No production code without a failing test first. If implementation code is written before its test, delete it entirely and begin the cycle fresh. Do not preserve it as reference, do not adapt it — write the implementation from scratch once the failing test exists. This is the non-negotiable foundation of every step that follows.

Coming from plan mode? TDD runs in normal mode, in a fresh conversation. If you were iterating on a plan-mode prompt generated by /optimus:brainstorm or /optimus:jira, toggle plan mode off without approving (see $CLAUDE_PLUGIN_ROOT/references/skill-handoff.md for client-specific controls), let Claude append the "Refined plan" section to the spec or JIRA doc, then start a fresh conversation before invoking this skill — TDD will auto-detect the updated doc.

Step 1: Pre-flight

Read $CLAUDE_PLUGIN_ROOT/skills/init/references/multi-repo-detection.md for workspace detection. If a multi-repo workspace is detected, process each repo independently: run Steps 1–9 inside the repo the user is targeting. If ambiguous, ask which repo.

Verify prerequisites

Check that .claude/CLAUDE.md exists. If it doesn't, stop and recommend running /optimus:init first — coding guidelines and project context are essential for the Refactor step.

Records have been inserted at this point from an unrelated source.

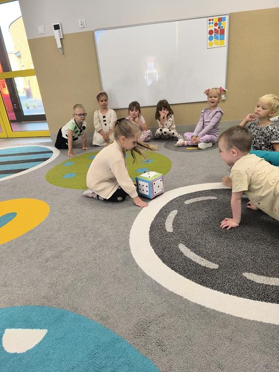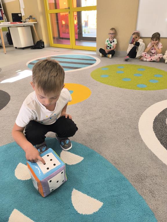Nasze świętowanie rozpoczęliśmy od zabawy z kostką – dzieci z wielkim zaangażowaniem liczyły kropki, ćwicząc przy tym spostrzegawczość i umiejętności matematyczne.
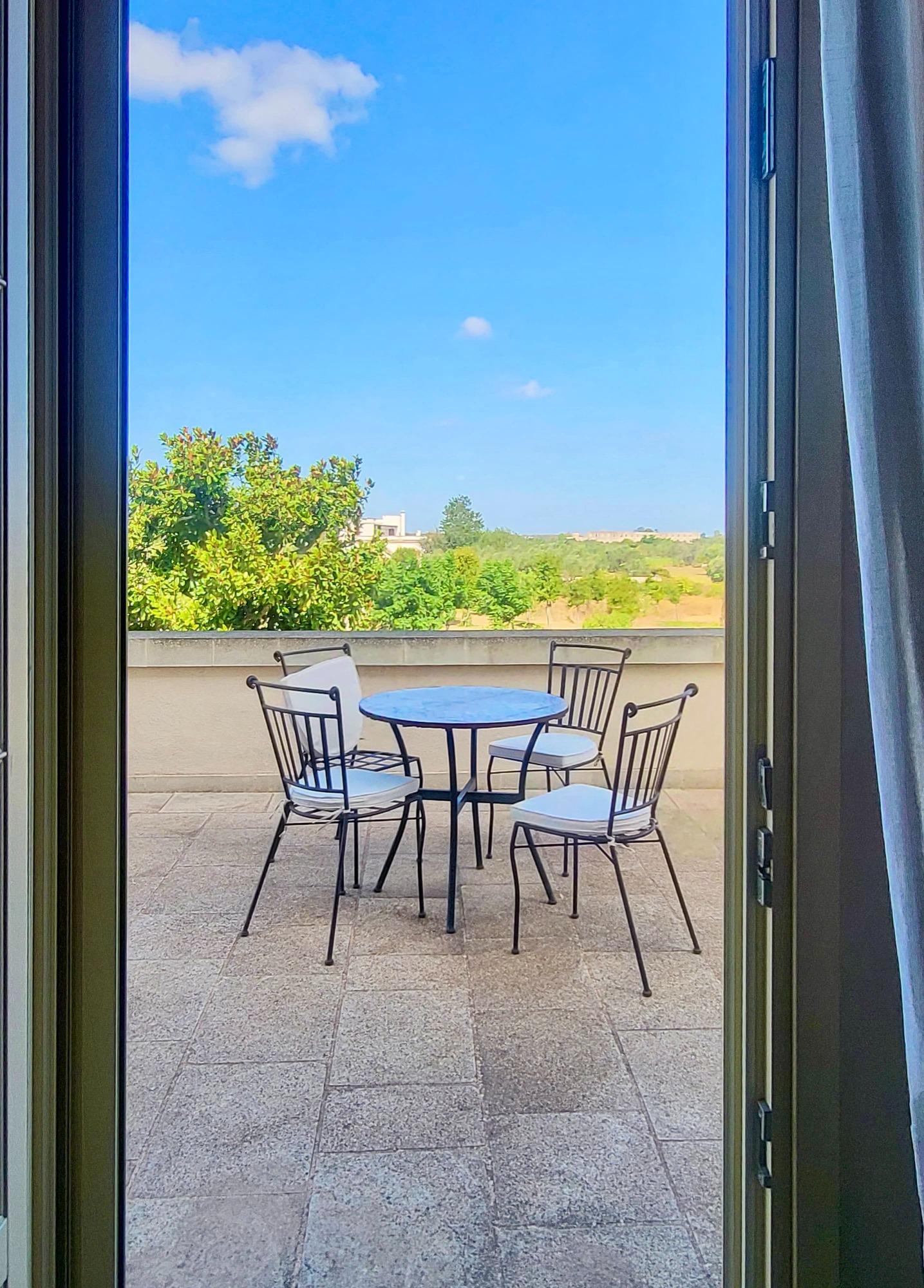 Deluxe room with double bed, private bathroom, and exclusive access to the spacious terrace, perfect for enjoying the panoramic views in total relaxation.
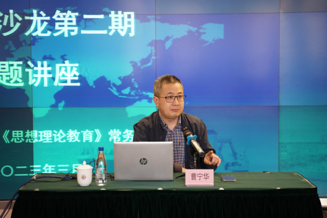 曹宁华首先介绍了辅导员队伍与工作概况,指出了队伍建设中现存的问题,强调辅导员队伍需要继续加强业务研究,提升工作业务能力水平。随后,曹宁华对思想政治教育研究选题进行介绍,围绕学习贯彻落实党的二十大精神、以教育目标为导向的高校思政工作创新研究、系统化架构的高校思政工作体系研究、以党建为统领的高校思政工作创新研究等作交流。曹宁华通过生动幽默的语言和自身工作经历,深入浅出地为现场教师讲解了新时代青年学生的思想行为特点、思政工作重难点、思政研究创新与突破点等。
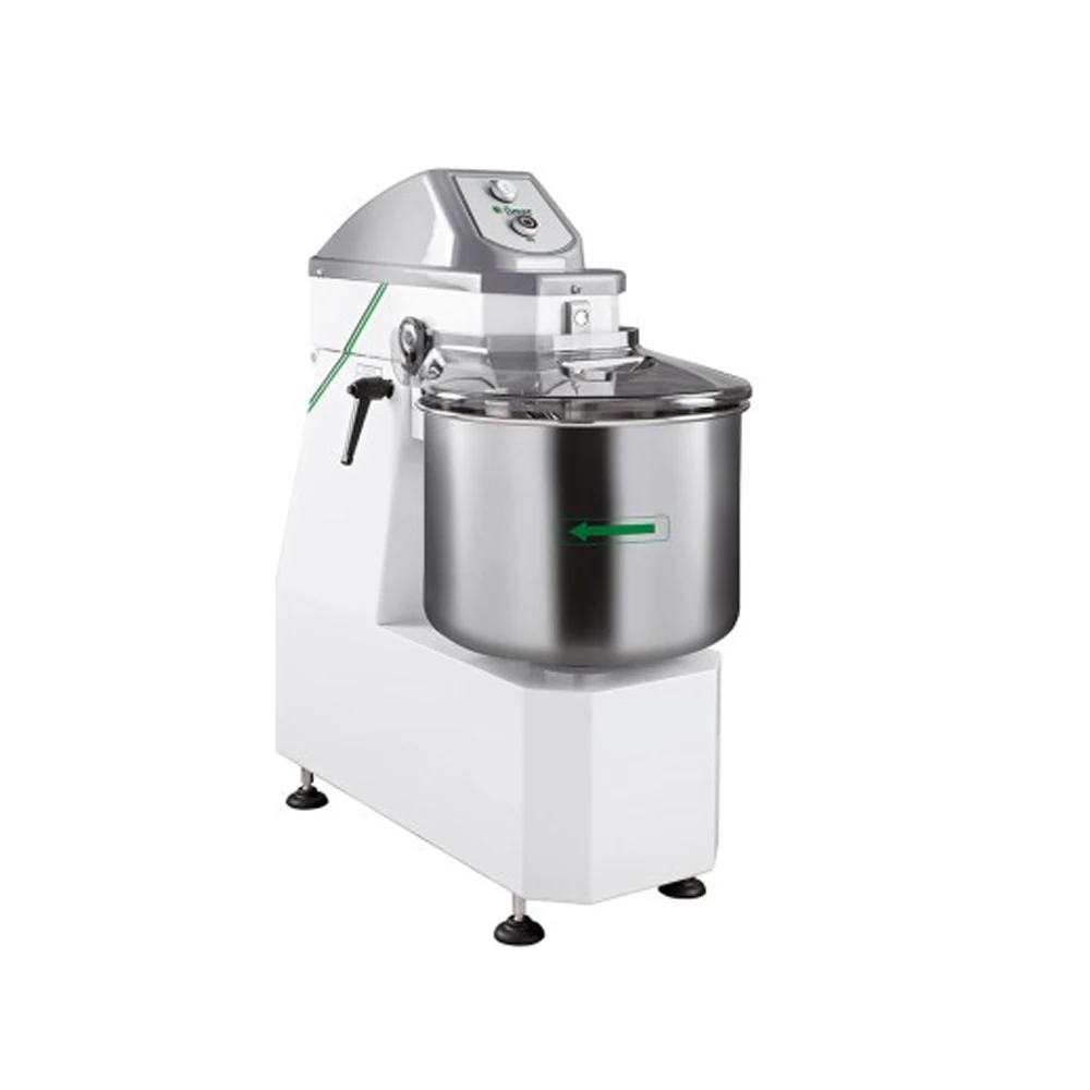 L’impastatrice a spirale 12SL è dotata di testa sollevabile e vasca fissa, soluzione ideale per la preparazione di impasti teneri in panifici, pizzerie e laboratori artigianali. La struttura è rivestita con vernice antigraffio, mentre vasca, spirale e asta spacca pasta sono realizzate in acciaio inox per garantire igiene, durabilità e facilità di pulizia. Il coperchio in policarbonato fumé è fornito di serie, con microinterruttore di sicurezza integrato. Su richiesta sono disponibili optional come il coperchio grigliato in acciaio inox AISI 304. Una macchina affidabile, pensata per garantire risultati costanti e omogenei nel tempo.

Load these documents (they affect quality at every step):

Document	Role	Effect on skill
.claude/CLAUDE.md	Project overview	Tech stack, test runner command
coding-guidelines.md	Code quality reference	Applied during Refactor step
testing.md	Testing conventions	Test file location, naming, framework, mocking patterns
docs/product/tech-stack.md (if present)	SDD steering — target stack	Low-priority context for Step 3 decomposition and Refactor
docs/product/mvp-prd.md (if present)	SDD steering — MVP scope	Low-priority context that informs decomposition

The two docs/ rows are the optional spec-driven-development steering cascade (scaffolded by /optimus:spec-init). Load them only if they exist; they inform decomposition and the Refactor step but never replace the task source or the behavior decomposition. See $CLAUDE_PLUGIN_ROOT/references/sdd-mapping.md for the precedence contract.

Monorepo path note: Read the "Monorepo Scoping Rule" section of $CLAUDE_PLUGIN_ROOT/skills/init/references/constraint-doc-loading.md for doc layout and scoping rules. When running TDD inside a subproject, load that subproject's testing.md, not another subproject's.

Verify test infrastructure

Locate the test runner command from testing.md, CLAUDE.md, or project manifests (package.json scripts, Makefile, Cargo.toml, etc.). Run it once to confirm it works.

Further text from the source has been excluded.